I’m in the process of converting some very large data tables to partitioned tables. By “In the process” I mean “scripts are running as we speak and I’m monitoring what’s going on.”
When I did this in our test environment (2 or 3 times to be sure), I got familiar with the information_schema.partitions table. There are multiple ways to check if your data is going into your partitions, and going into the correct partition. One easy thing you can do is use “explain partitions” and make up a select query that should be narrowed down to that partition:
explain partitions select * from very_large_table where date_string between '20080514' and '20080524'
If set up correctly, you’ll see a result like:
+----+-------------+------------------------------------+------------+-------+---------------+---------+---------+------+---------+-------------+ | id | select_type | table | partitions | type | possible_keys | key | key_len | ref | rows | Extra | +----+-------------+------------------------------------+------------+-------+---------------+---------+---------+------+---------+-------------+ | 1 | SIMPLE | very_large_table | p200805 | range | PRIMARY | PRIMARY | 4 | NULL | 9016317 | Using where | +----+-------------+------------------------------------+------------+-------+---------------+---------+---------+------+---------+-------------+
You can also take a look at the filesystem real quick to check the volume of the partition files
ls -lh very_large_table*.ibd -rw-rw---- 1 mysql mysql 1.3G Oct 6 10:40 very_large_table#P#p200804.ibd -rw-rw---- 1 mysql mysql 1.2G Oct 6 10:45 very_large_table#P#p200805.ibd -rw-rw---- 1 mysql mysql 2.0G Oct 6 10:51 very_large_table#P#p200806.ibd -rw-rw---- 1 mysql mysql 2.8G Oct 6 11:02 very_large_table#P#p200807.ibd -rw-rw---- 1 mysql mysql 2.4G Oct 6 11:12 very_large_table#P#p200808.ibd -rw-rw---- 1 mysql mysql 3.2G Oct 6 11:32 very_large_table#P#p200809.ibd -rw-rw---- 1 mysql mysql 628M Oct 6 11:35 very_large_table#P#p200810.ibd
Through the course of my work, I also noticed that there is a table_rows column on the information_schema.partitions table.
select partition_name,
table_rows
from information_schema.partitions
where table_name = 'very_large_table';
+----------------+------------+
| partition_name | table_rows |
+----------------+------------+
| p200804 | 19609997 |
| p200805 | 18041881 |
| p200806 | 31124871 |
| p200807 | 43307939 |
| p200808 | 35578598 |
| p200809 | 48627782 |
| p200810 | 9298862 |
+----------------+------------+
Circle back to todays script. The first thing I do is open a screen session so that if I somehow get disconnected from the server, it’s not going to kill my session. I kick off my script and there are 12 huge tables that are going to get partitioned. I start working on some other things and periodically check the progress using “show processlist”.

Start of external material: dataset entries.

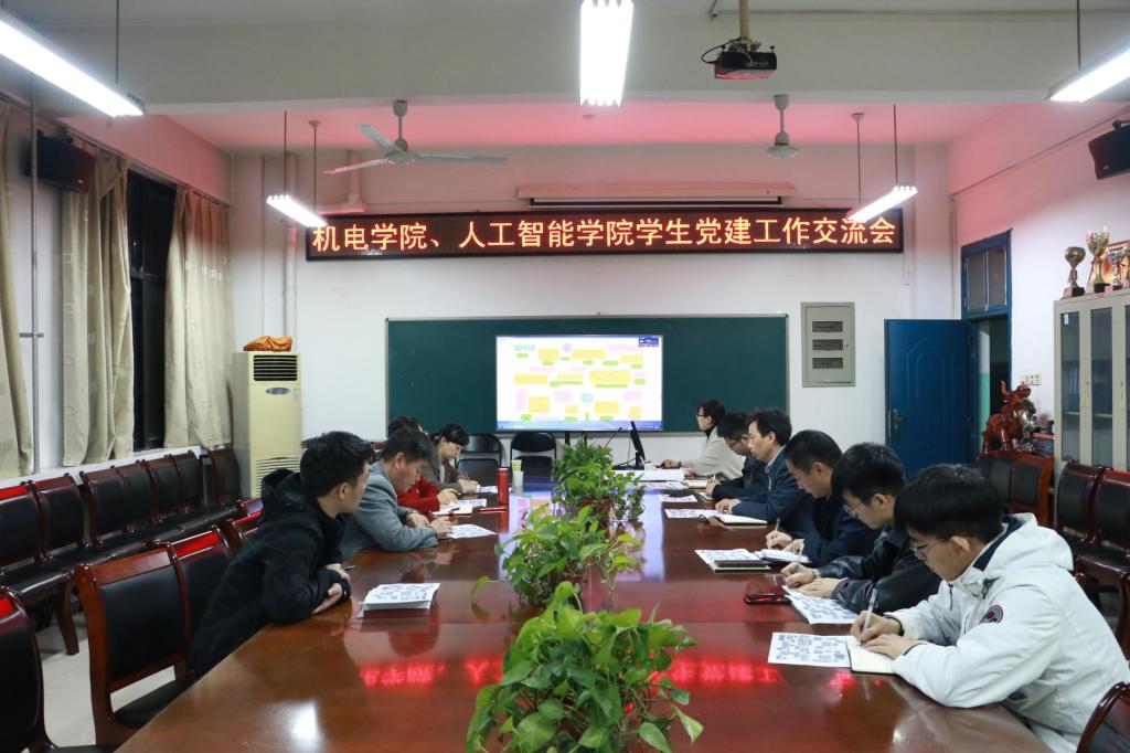 11月17日下午,机电学院、人工智能学院在机电学院4304会议室开展学生党建工作交流会,学校党校办公室主任叶晖应邀参加了会议。人工智能学院党总支书记吴玲玲、机电学院党委副书记李印、机电学院团委书记何涛、人工智能学院团委书记郭小月以及机电学院全体学生党支部书记参加了会议。会议由机电学院党委书记樊跃峰主持。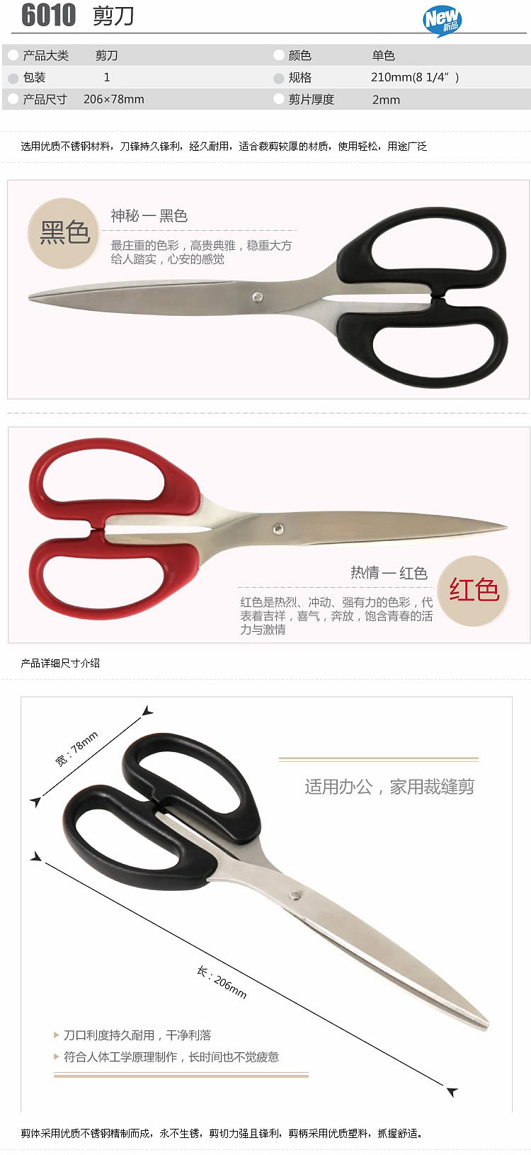得力剪刀 6010 210mm大號(hào)辦公生活剪刀 顏色隨機(jī) 單位:把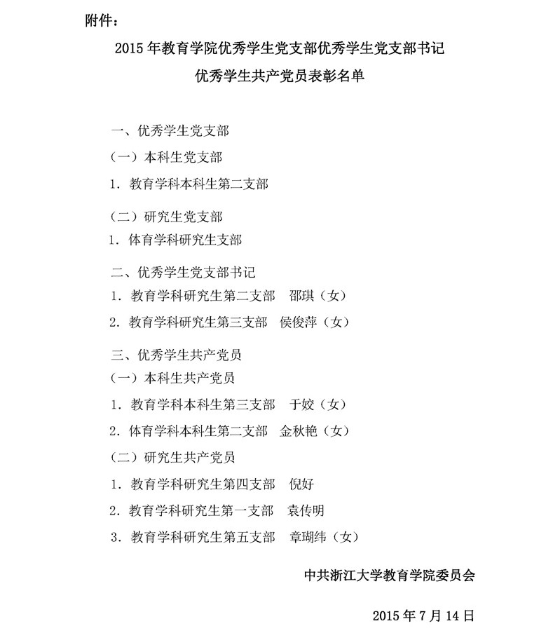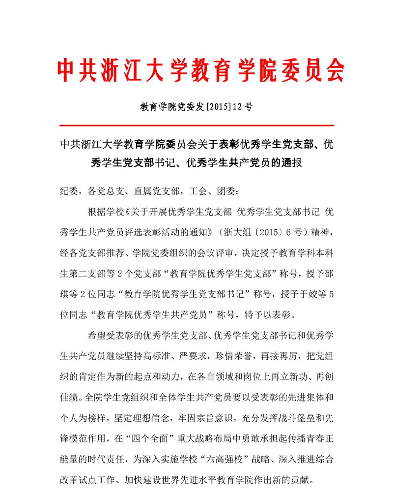 教育学院党委发〔2015〕12号:中共浙江大学教育学院委员会关于表彰优秀学生党支部、优秀学生党支部书记、优秀学生共产党员的通报
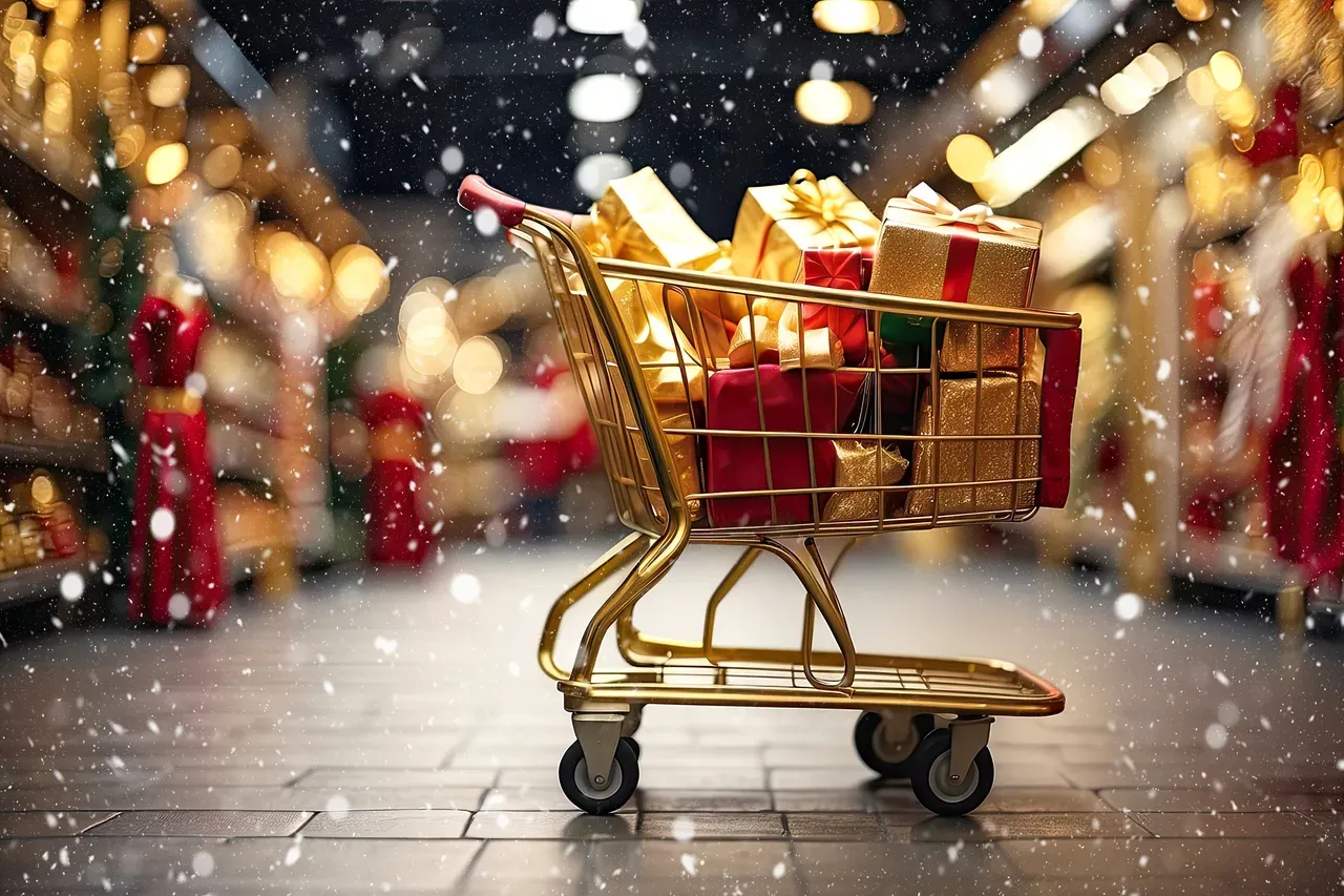 A supermarket cart with gold and red boxes of Christmas and New Year gifts between the supermarket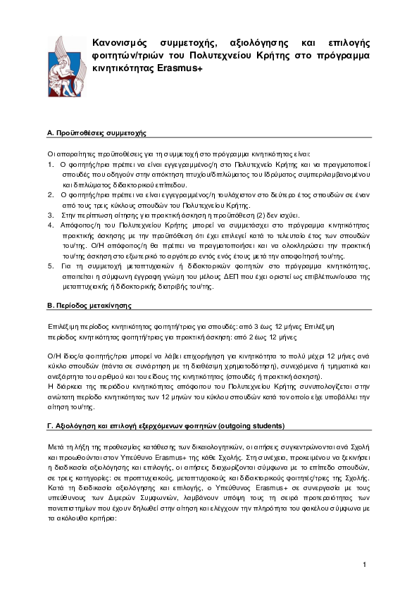 Πρόγραμμα Erasmus+ Πολυτεχνείου Κρήτης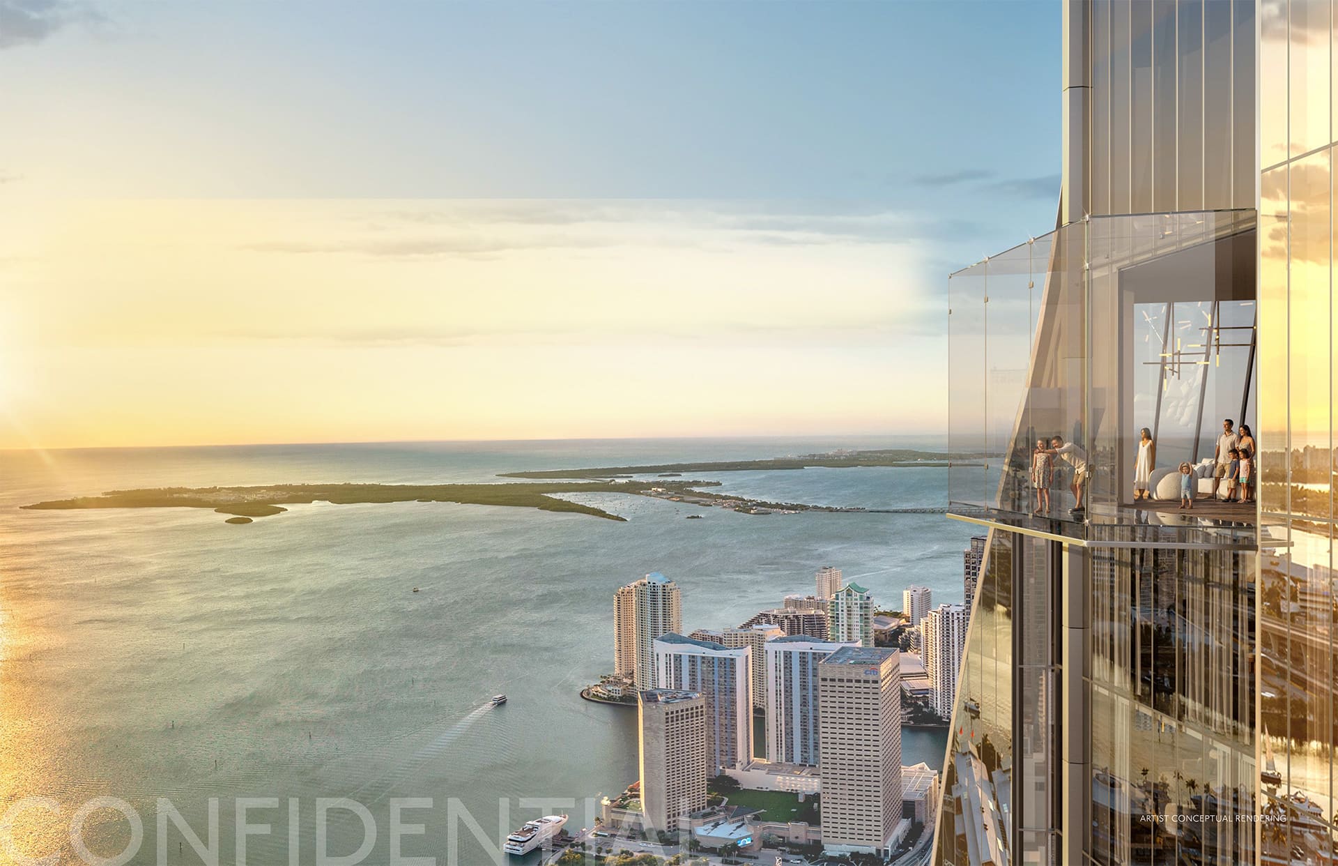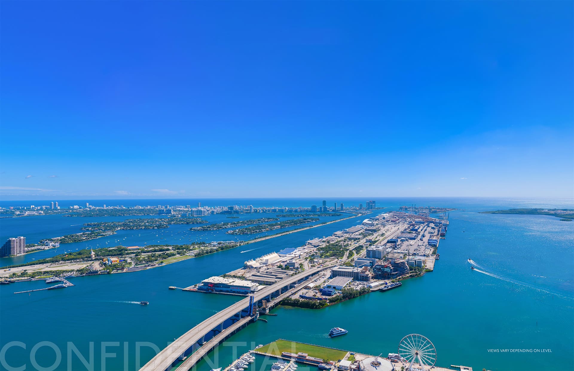 - Unobstructed views of downtown, Miami Beach and the Atlantic Ocean

After a while I began to get concerned that the largest table had been processing for a very long time. I didn’t want to interrupt anything, and I didn’t want to start running count queries, but I was getting concerned about the progress. So I opened another window and performed the same query:
select partition_name,
table_rows
from information_schema.partitions
where table_name = 'very_large_table';
+----------------+------------+
| partition_name | table_rows |
+----------------+------------+
| p200804 | 19609997 |
| p200805 | 18041881 |
| p200806 | 31124871 |
| p200807 | 21405637 |
| p200808 | 0 |
| p200809 | 0 |
| p200810 | 0 |
+----------------+------------+
Oh good, I can see that at least I’m half way done.
These aren’t exact numbers, but if you just want to get a size estimate of a very large table they are close enough.
There is also table_rows column on information_schema.tables. With the amount of time it takes to count rows on an InnoDB table, if you just need rough numbers on how large your tables are, you can just pull the info from the information_schema.
select count(1) from 'very_large_table_two'; +-----------+ | count(1) | +-----------+ | 275689898 | +-----------+ 1 row in set (17 min 21.60 sec) select table_rows from information_schema.tables where table_name = 'very_large_table_two'; +------------+ | table_rows | +------------+ | 269991752 | +------------+ 1 row in set (0.49 sec)
The table_rows number is off by more than 2% here, but there are many scenarios when all you really need is a general idea of how big something is. I’ll take even a 5% margin of error in less than a second over waiting 15 minutes for an exact number. Especially when someone is standing over my shoulder asking questions about table sizes.